## PROBLEM TO SOLVE
Reprint all of the data below exactly as shown and skip every image.
━━━━━ INFORMATION PROVIDED
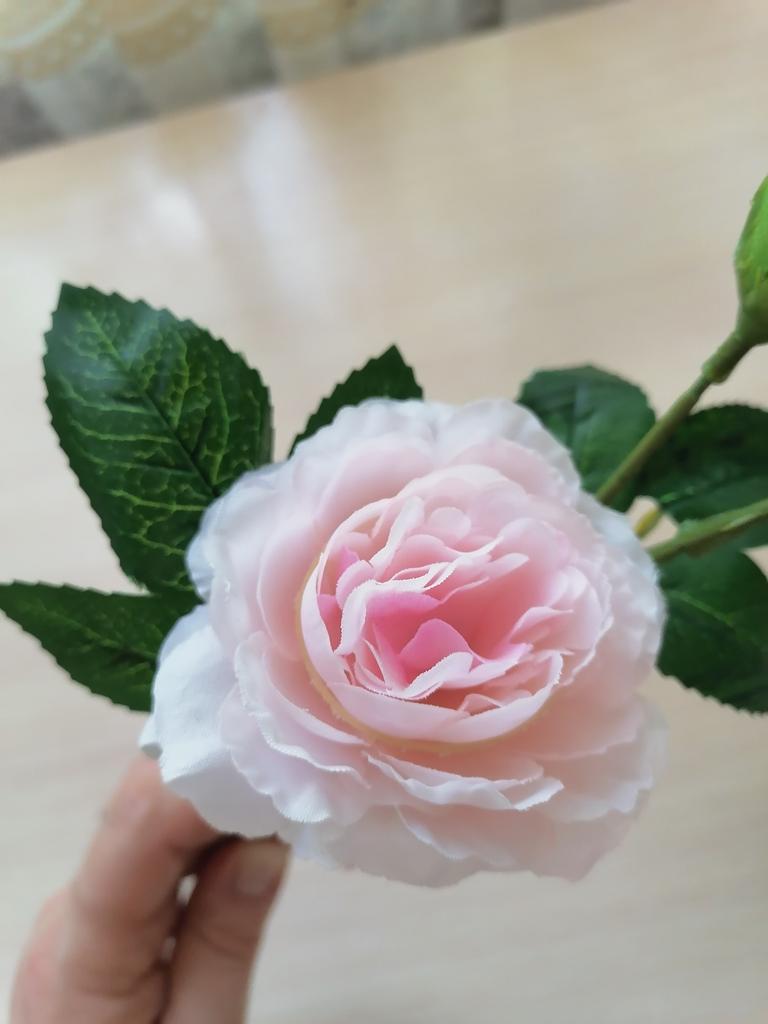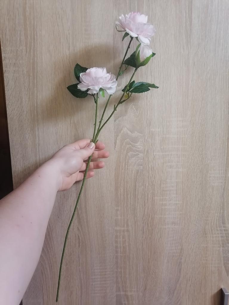 ИСКУССТВЕННЫЕ РОЗЫ 🌹. 💥 Я заказывала три штуки разных цветов. Здесь обзор на розовые. Сами бутоны завернуты в пакет, стебель согнут дугой. 💥 Пластмассовый стебель с проволокой внутри, сгибается, но тяжеловато. Его длина, примерно, 61-62 см. 💥 На цвете три бутона: один маленький, два больших и три лепестка. Сделаны, в целом, аккуратно. Не буду придираться к мелочам. В реальности цветы выглядят намного меньше и скромнее, чем на фото продавца. Трех цветочков для более или менее приличного букетика явно не достаточно. Цена на них сейчас, на мой взгляд, завышена. А так цветочки красивые, можно брать. Буду ждать акцию. Желаю всем только удачных покупок🛍️! 💋💋💋
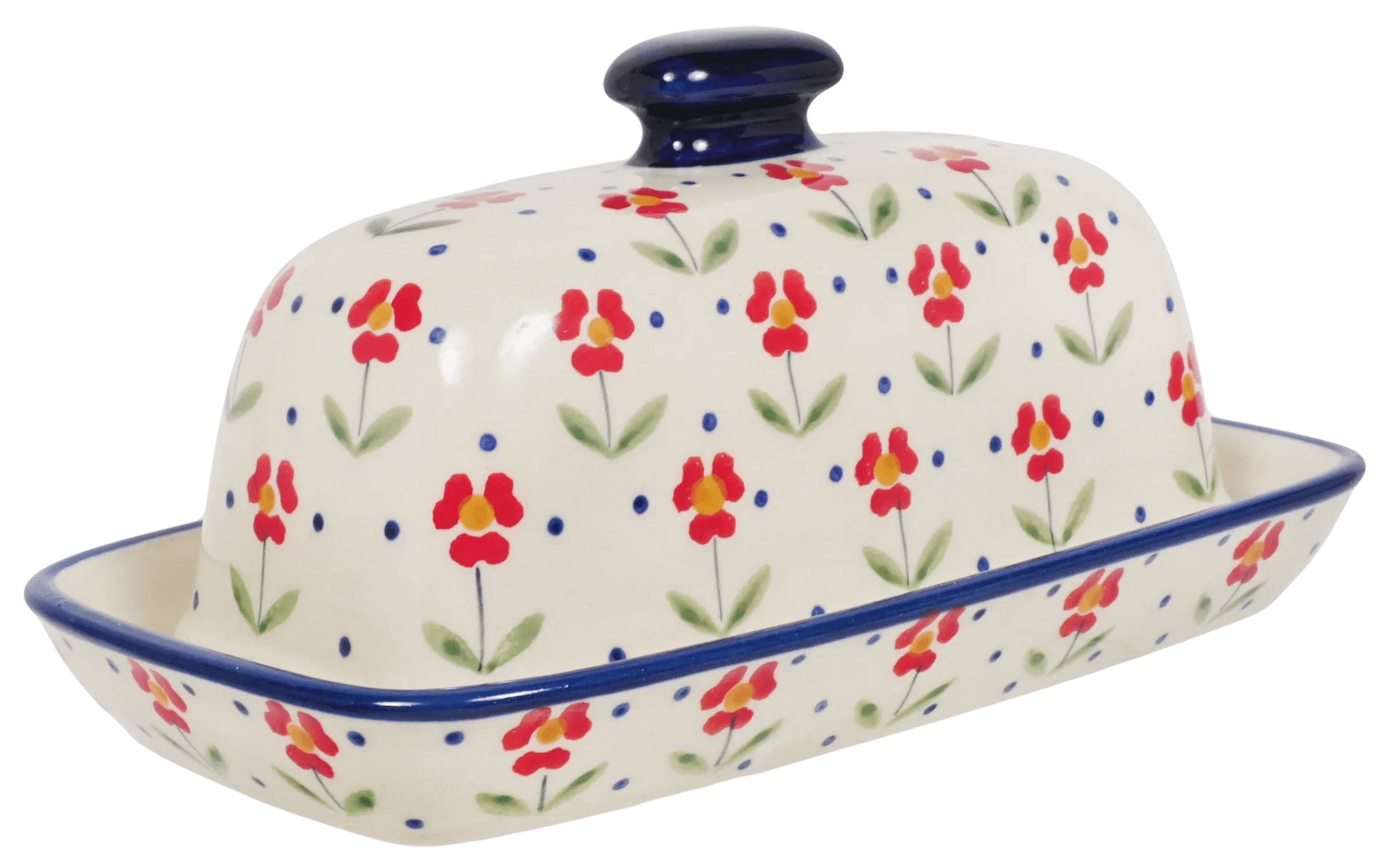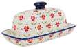 Imagine a dash of old-world charm right on your kitchen counter with the exquisite Polish Pottery Butter Dish from Manufaktura. Not just any ordinary butter dish, this piece, sized perfectly at 4" x 7.5", brings the vibrant allure of Boleslawiec, Poland into your home. Hand-painted by skilled artisans, the "Simply Beautiful" pattern features a delightful array of red flowers, intricately detailed with thin stems and small green petals, accented by playful tiny blue dots sprinkled across a crisp white background. This traditional design not only captivates the eye but also tells a story of artisanal heritage and love for nature.
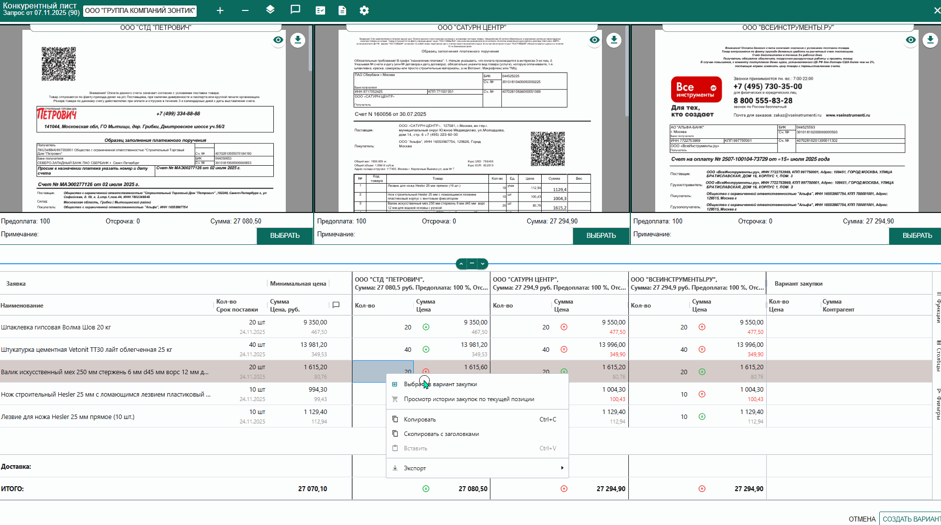Функция доступна в Конкурентном листе. Если требуется у конкретного поставщика перезапросить счет на некоторые позиции, это можно сделать до сохранения варианта закупки и/или с уже сформированным вариантом закупки.
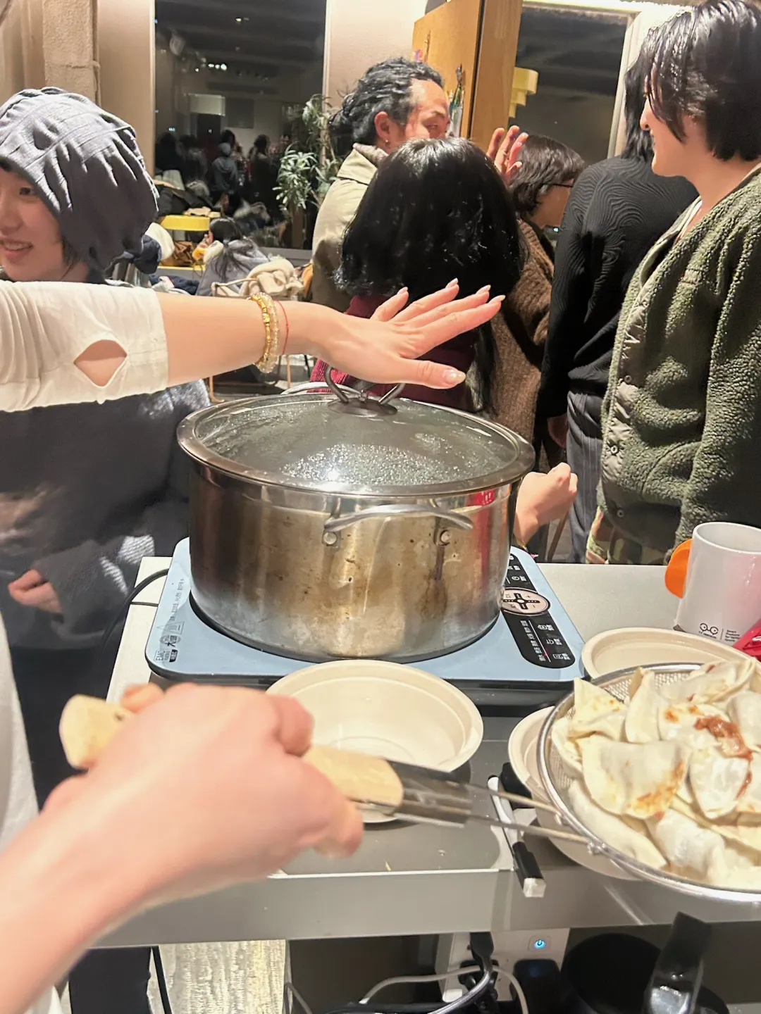 所以,我们在派对上做了一件没那么派对的事——在跨年后,大家一起上楼去别的盒子包饺子。
━━━━━━━━━━
## FINISHED TASK
 ИСКУССТВЕННЫЕ РОЗЫ 🌹. 💥 Я заказывала три штуки разных цветов. Здесь обзор на розовые. Сами бутоны завернуты в пакет, стебель согнут дугой. 💥 Пластмассовый стебель с проволокой внутри, сгибается, но тяжеловато. Его длина, примерно, 61-62 см. 💥 На цвете три бутона: один маленький, два больших и три лепестка. Сделаны, в целом, аккуратно. Не буду придираться к мелочам. В реальности цветы выглядят намного меньше и скромнее, чем на фото продавца. Трех цветочков для более или менее приличного букетика явно не достаточно. Цена на них сейчас, на мой взгляд, завышена. А так цветочки красивые, можно брать. Буду ждать акцию. Желаю всем только удачных покупок🛍️! 💋💋💋
 Imagine a dash of old-world charm right on your kitchen counter with the exquisite Polish Pottery Butter Dish from Manufaktura. Not just any ordinary butter dish, this piece, sized perfectly at 4" x 7.5", brings the vibrant allure of Boleslawiec, Poland into your home. Hand-painted by skilled artisans, the "Simply Beautiful" pattern features a delightful array of red flowers, intricately detailed with thin stems and small green petals, accented by playful tiny blue dots sprinkled across a crisp white background. This traditional design not only captivates the eye but also tells a story of artisanal heritage and love for nature.
Функция доступна в Конкурентном листе. Если требуется у конкретного поставщика перезапросить счет на некоторые позиции, это можно сделать до сохранения варианта закупки и/или с уже сформированным вариантом закупки.
 所以,我们在派对上做了一件没那么派对的事——在跨年后,大家一起上楼去别的盒子包饺子。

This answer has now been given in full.